From the line with "P < 0.001. | |" to the end of the data below, restate each line word for word, both ends included, without the pictures.
Collected material START
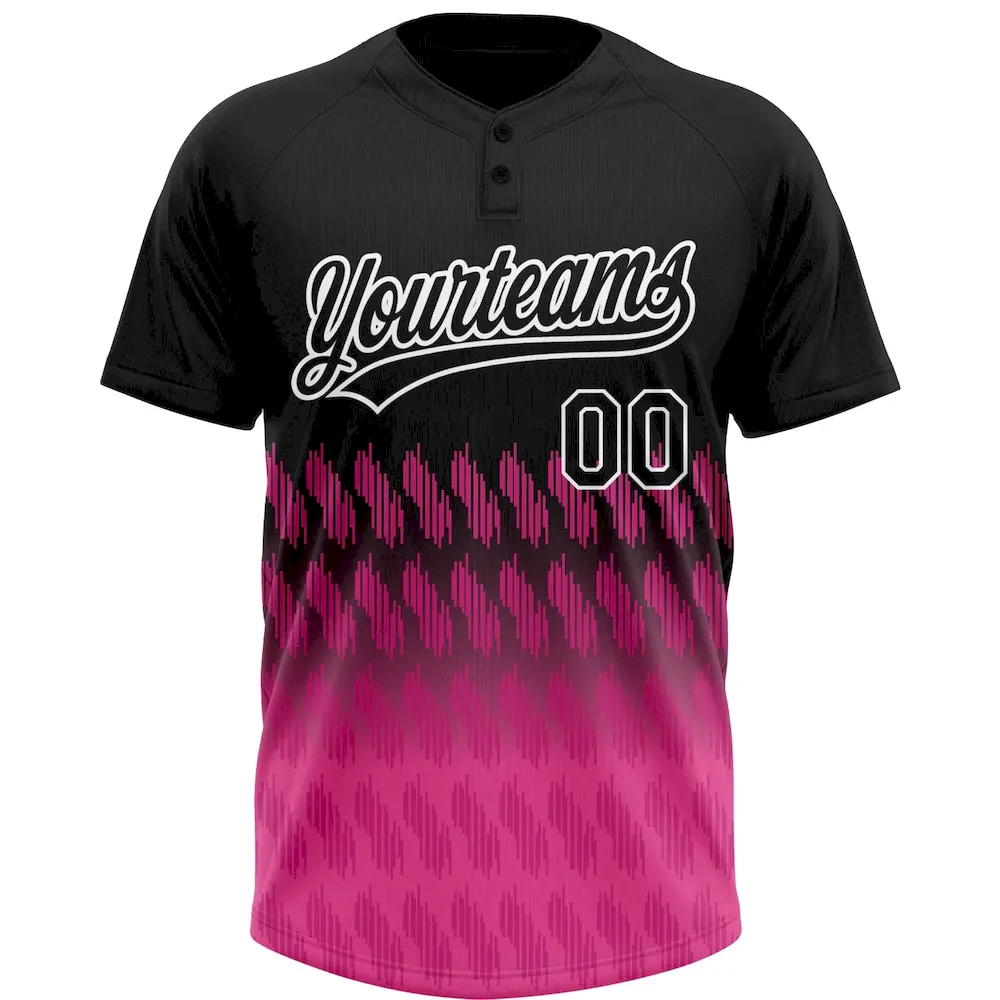 Custom Black Pink-White 3D Pattern Lines Two-Button Unisex Softball Jersey
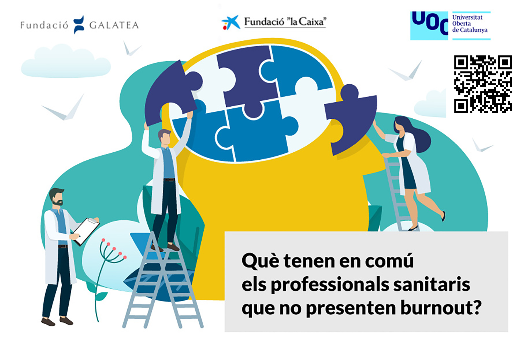L’enquesta és la segona fase (quantitativa) d’un projecte pioner per detectar les característiques comunes dels professionals de la salut que presenten baixos nivells de la denominada síndrome del treballador cremat o (burnout) anomenat “Caracterització dels professionals sanitaris que presenten baixos nivells de burnout professional”, promogut per la Fundació Galatea i la Universitat Oberta de Catalunya (UOC), guanyador de la Convocatòria Connecta 2023 de l’Observatori Social de la Fundació ”la Caixa”.
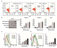 | Fig. 4. Effect of WS-722 on cell apoptosis and differentiation in THP-1 cell line. (A) THP-1 cell apoptosis when treated with WS-722 at doses from 0.3 μmol/L to 3.0 μmol/L for 48 h. (B) Cleaved caspase-3, caspase-7 and PARP expression when treated with WS-722 for 48 h. (C and D) Flow cytometry analysis of CD11b (C) and CD14 (D) in THP-1 cells treated with WS-722. Data are the mean ± SD. Each experiment was repeated three times. * P < 0.05; ** P < 0.01; *** P < 0.001. | |
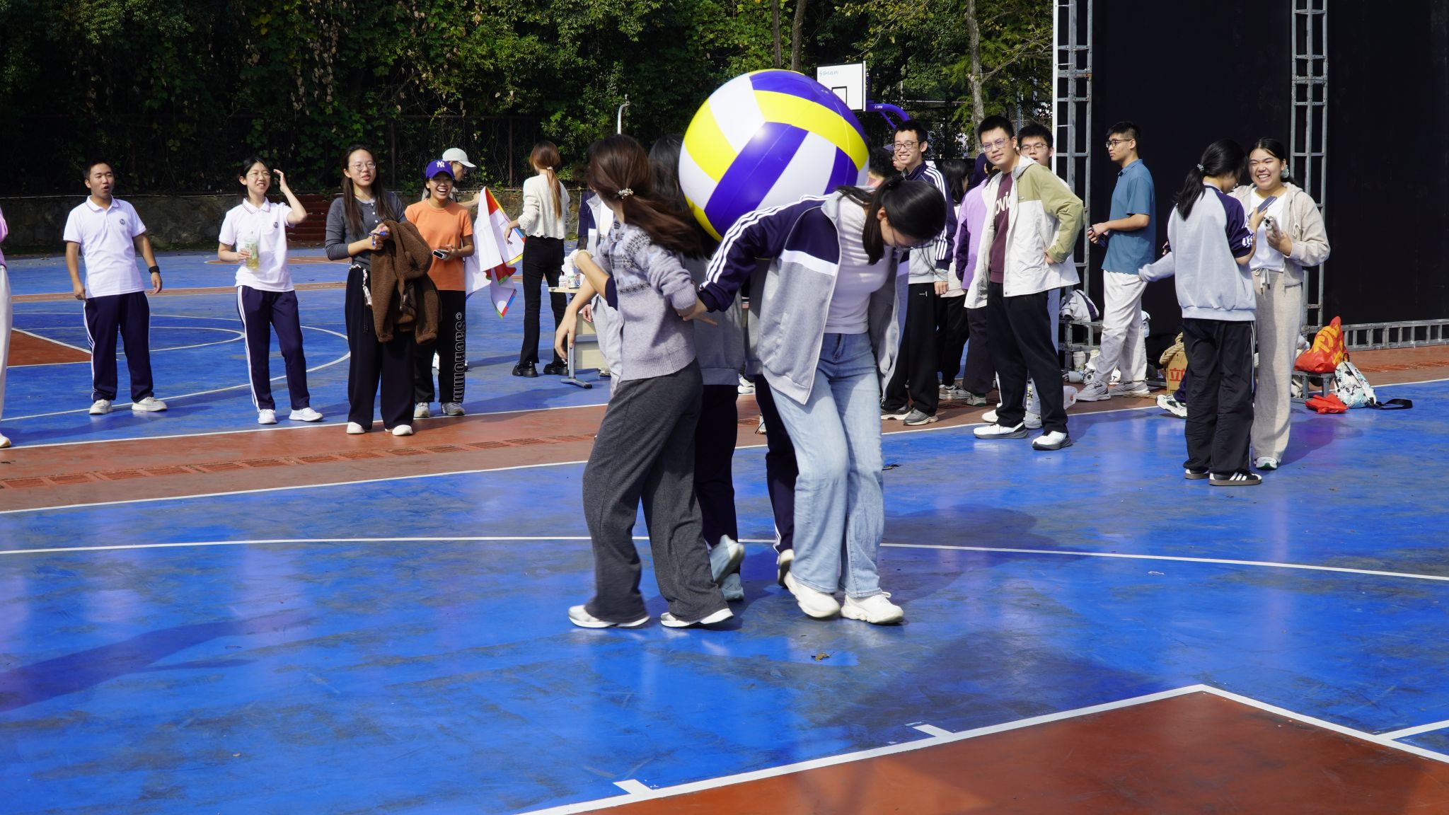 在井字棋接力赛中,选手们既要比拼往返冲刺的速度,又要在紧张节奏中保持冷静思考,完成棋盘对弈,速度与智慧的碰撞让现场掌声不断;螃蟹背西瓜项目里,参赛队员两两配合,小心翼翼地运送 “西瓜”,“慢点走”“稳住” 的提醒声与此起彼伏的尖叫声交织,欢乐氛围十足;五人六足比赛中,各队队员齐声喊着口号,步伐整齐划一、奋力向前,充分展现了团队协作的默契与力量;超级大排球项目凭借灵活的场地设置和超大球体,让运动小白与球场老手同台竞技,人人都能找到属于自己的快乐;篮球接力赛中,选手们既要完成快速接力,又要展现投篮功底,篮球划过的优美弧线与现场观众的欢呼声相映成趣;超级大旋风项目中,在学院党委书记俞店生的带领下,队员们左转右转、加速急停,时而小步慢移,时而大步流星,展现了出色的身体控制能力与团结协作精神;作为压轴项目的拔河比赛,更是将现场气氛推向高潮,参赛队员紧握绳索、身体后倾,“加油” 声与 “一二” 号子声震耳欲聋,在力量的对抗中凝聚起集体的向心力。
Collected material END
Reply
 | Fig. 4. Effect of WS-722 on cell apoptosis and differentiation in THP-1 cell line. (A) THP-1 cell apoptosis when treated with WS-722 at doses from 0.3 μmol/L to 3.0 μmol/L for 48 h. (B) Cleaved caspase-3, caspase-7 and PARP expression when treated with WS-722 for 48 h. (C and D) Flow cytometry analysis of CD11b (C) and CD14 (D) in THP-1 cells treated with WS-722. Data are the mean ± SD. Each experiment was repeated three times. * P < 0.05; ** P < 0.01; *** P < 0.001. | |
 在井字棋接力赛中,选手们既要比拼往返冲刺的速度,又要在紧张节奏中保持冷静思考,完成棋盘对弈,速度与智慧的碰撞让现场掌声不断;螃蟹背西瓜项目里,参赛队员两两配合,小心翼翼地运送 “西瓜”,“慢点走”“稳住” 的提醒声与此起彼伏的尖叫声交织,欢乐氛围十足;五人六足比赛中,各队队员齐声喊着口号,步伐整齐划一、奋力向前,充分展现了团队协作的默契与力量;超级大排球项目凭借灵活的场地设置和超大球体,让运动小白与球场老手同台竞技,人人都能找到属于自己的快乐;篮球接力赛中,选手们既要完成快速接力,又要展现投篮功底,篮球划过的优美弧线与现场观众的欢呼声相映成趣;超级大旋风项目中,在学院党委书记俞店生的带领下,队员们左转右转、加速急停,时而小步慢移,时而大步流星,展现了出色的身体控制能力与团结协作精神;作为压轴项目的拔河比赛,更是将现场气氛推向高潮,参赛队员紧握绳索、身体后倾,“加油” 声与 “一二” 号子声震耳欲聋,在力量的对抗中凝聚起集体的向心力。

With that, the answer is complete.